Begin at the line with "旅规公司的志愿者们在教学楼内" and output every line through the end of the records, exactly as given. Omit pictures.

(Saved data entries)
_ _ _
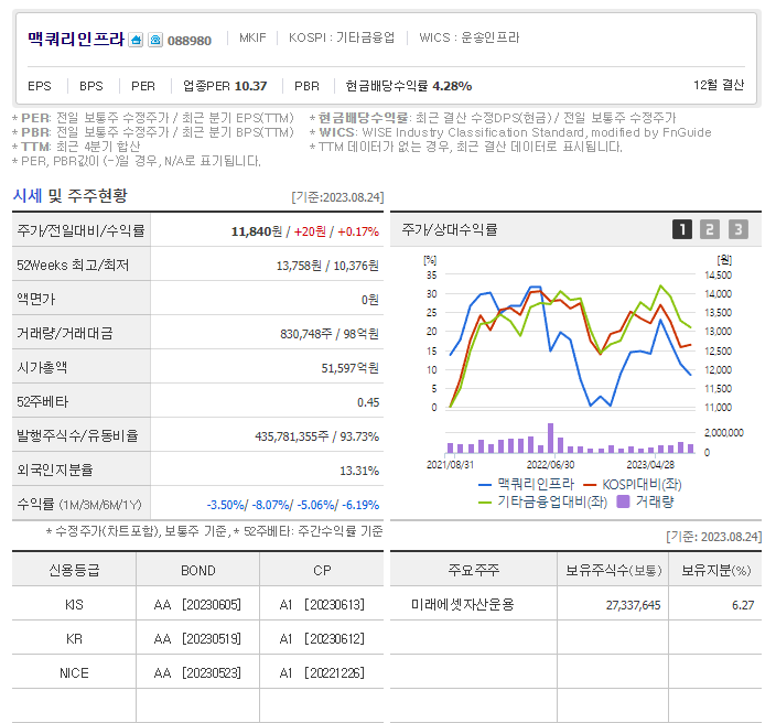 이 글에서는 맥쿼리인프라 주가 전망과 목표 주가, 기업 정보에 대해서 설명합니다. 주식 시장에서 중요한 것은 미래의 기업 가치를 예측하고 선제적으로 움직이는 것입니다. 투자할 종목을 고르기 전에 현재 기업의 현황과 데이터를 확인하는 것이 필요합니다. 맥쿼리인프라 주식의 주요 현황과 투자 정보를 확인하시고 주식 투자를 고민하고 계시다면 유용한 정보들을 모아 놓은 자료를 확인해보세요..
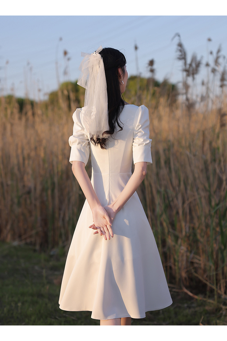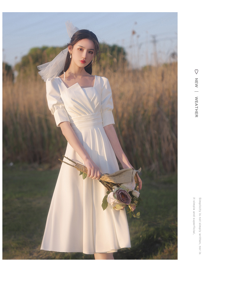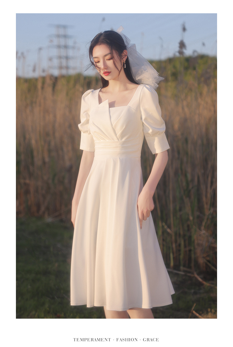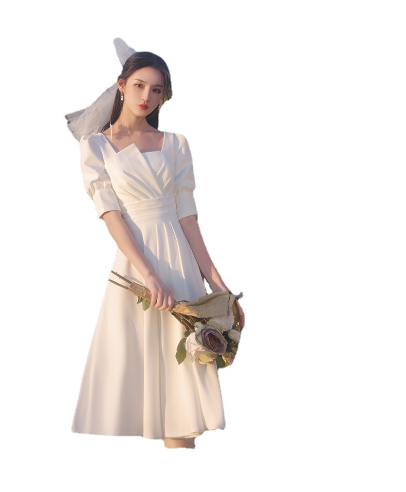 中长款白色领证伴娘服2024新款夏季闺蜜装合唱姐妹团平时可穿礼服
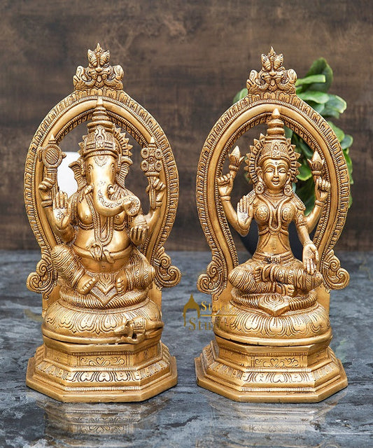 Brass Antique Ganesha Lakshmi Idol Set (Stone Work) 7"
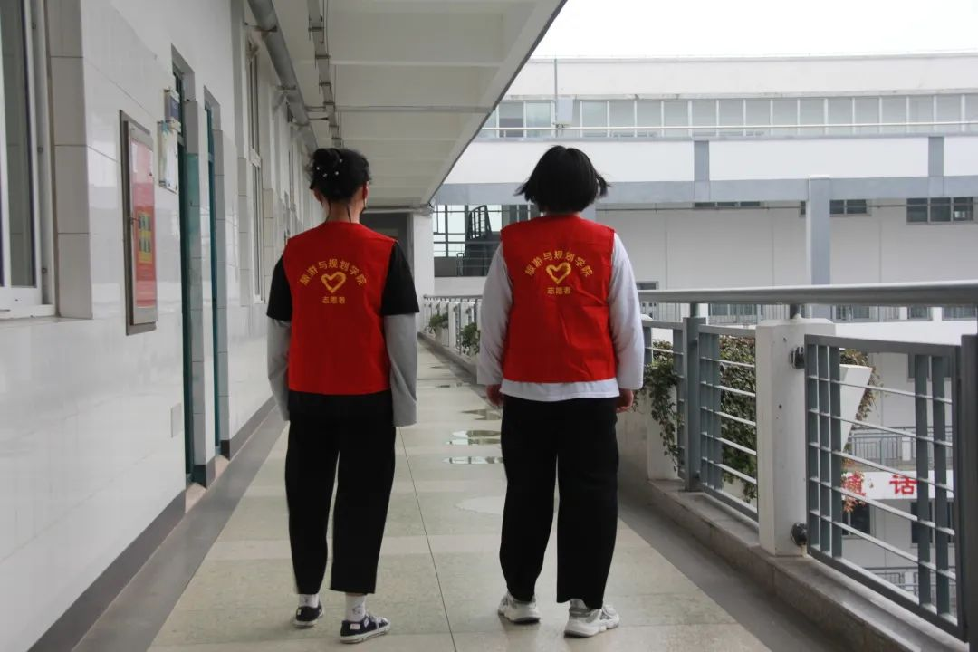 旅规公司的志愿者们在教学楼内进行值班,提醒同学们戴好口罩并向同学们示范正确的口罩佩戴方式,大大增强了同学们疫情防控意识。
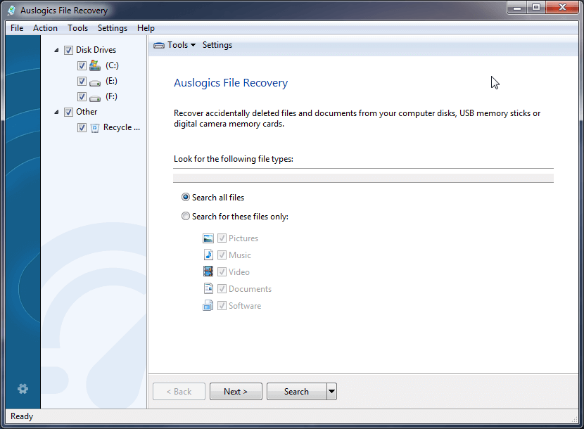 Auslogics File Recovery can not only undelete your files but also help you to recover your computer if it experiences Windows failure. It has s feature that allows you to create disc images, which means that you will never need a separate backup and disaster recovery solution.
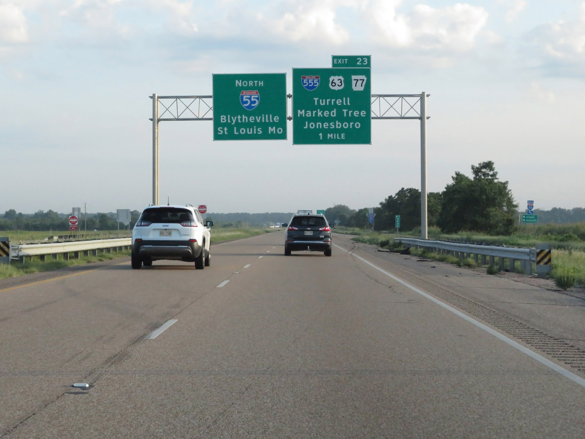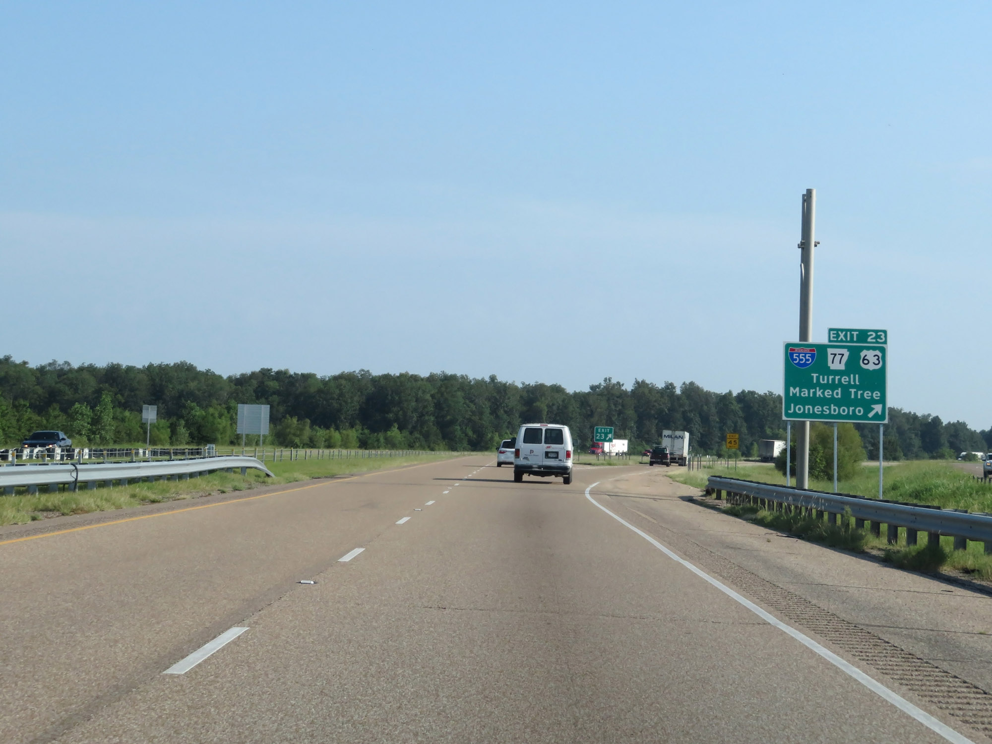 Interstate 55 North at Exit 23: Interstate 555 / US 63 / AR 77 - Turrell / Marked Tree / Jonesboro (Photo taken 8/13/19). |
_ _ _
■ **Output**:
 旅规公司的志愿者们在教学楼内进行值班,提醒同学们戴好口罩并向同学们示范正确的口罩佩戴方式,大大增强了同学们疫情防控意识。
 Auslogics File Recovery can not only undelete your files but also help you to recover your computer if it experiences Windows failure. It has s feature that allows you to create disc images, which means that you will never need a separate backup and disaster recovery solution.
 Interstate 55 North at Exit 23: Interstate 555 / US 63 / AR 77 - Turrell / Marked Tree / Jonesboro (Photo taken 8/13/19). |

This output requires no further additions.